Leere Töpfe, leere Kassen, arme gebeutelte Kultur – man kennt die Leier, und man kennt die Lösung: Füllt Herr Schlingensief eine Pute in den Römertopf, so füllen sich zwangsläufig auch die Kassen und die Häuser. Kein Platz blieb unbesetzt, als am Montag Abend unser aller Kulturguerillero im Kölner Schauspielhaus sein neues Tourneeprogramm präsentierte. Noch auf den Treppenstufen saßen sie, die Apostel des Zeitgeistes, lauter Leute, die man sonst nie im Theater sieht, und warteten auf die Wiederkehr ihres immer noch hippen Messias.

Er kommt denn auch und schneidet Zwiebeln. Gibt sich als Hausmann, verspricht: „Keine Provokationen heute“ und legt die gerupfte Pute zu Zwiebeln und Karotten aufs Fenchelbett. Schiebt dann den Römertopf in die Röhre, bei 180 Grad. Während der Vogel vor sich hin schmort, läuft im Hintergrund die DVD „Kunst und Gemüse“: Schauspieler randalieren in der Obstauslage, ficken in Fenchel, wälzen sich in Wurzeln und fragen: „Was sind moderne Menschen?“ Offenbar wild auf Vitamine.

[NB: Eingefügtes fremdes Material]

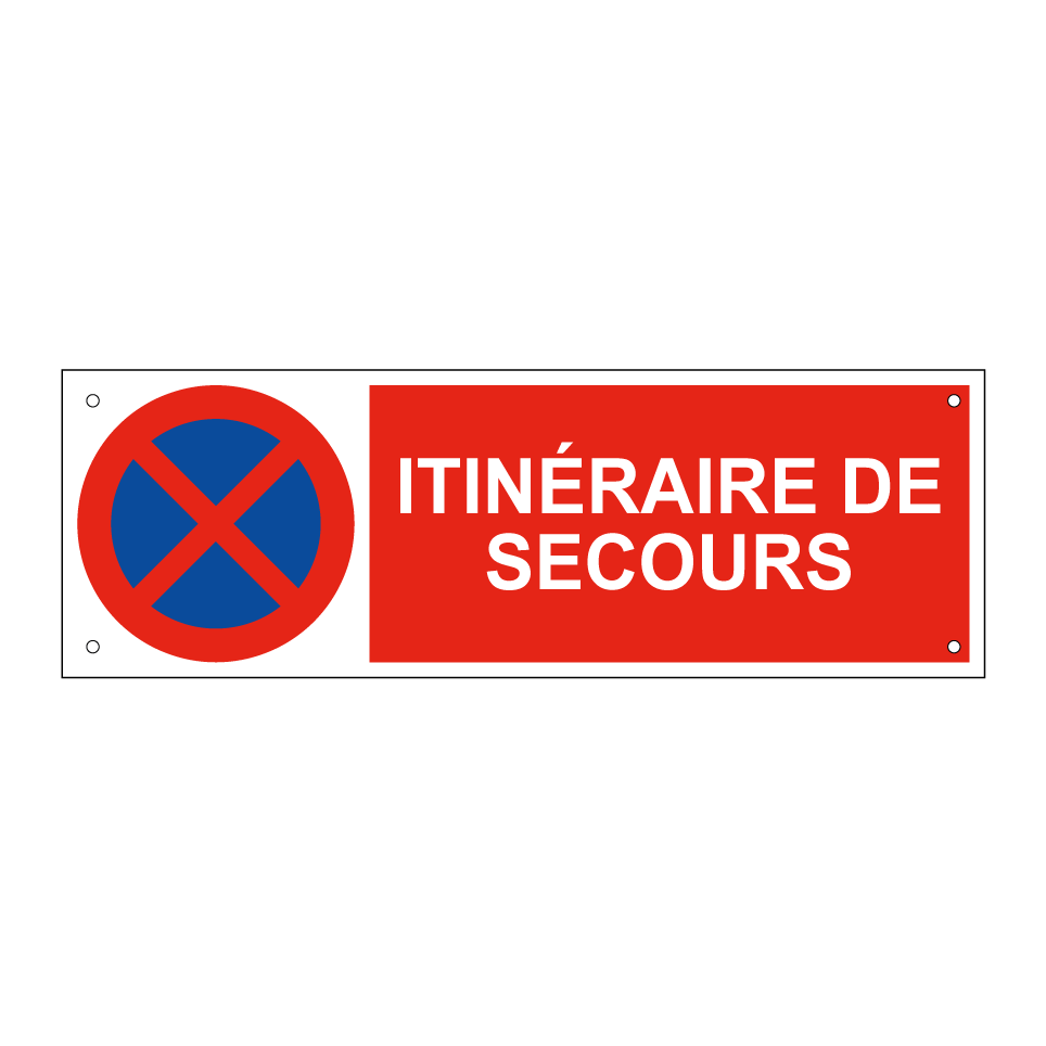 Panneau d'interdiction de stationner avec le texte : "Itinéraire de secours" et une symbolique claire.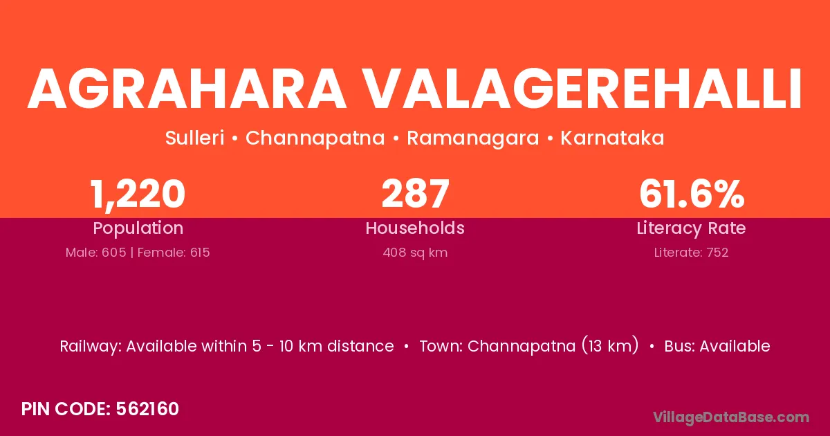 Agrahara Valagerehalli village has a total population of 1,220 people, of which 605 are males and 615 are females.

Das Publikum liebt seinen Helden. Schon beim Schneiden der Zwiebeln hört man erregtes Kichern und Glucksen (schließlich wollen bis zu 20 Euro Eintritt genussvoll abgefeiert sein). Legt der Meister grob gezimmerte Gemüse-Ironien nach („Je länger man den Kern verschleiert, desto länger ist man im Geschäft“), gibt es viel Lachen und Applaus. Die Freude ist groß. Die Freude worüber? Na, dass alle hier sind und zusehen, wie dort vorn Herr Schlingensief das Messer wetzt – unser Garant für rasierklingenscharfe Postmoderne, unser schneidiger Rent-a-Provokateur, der die Republik spaltet wie zwei Fenchelhälften.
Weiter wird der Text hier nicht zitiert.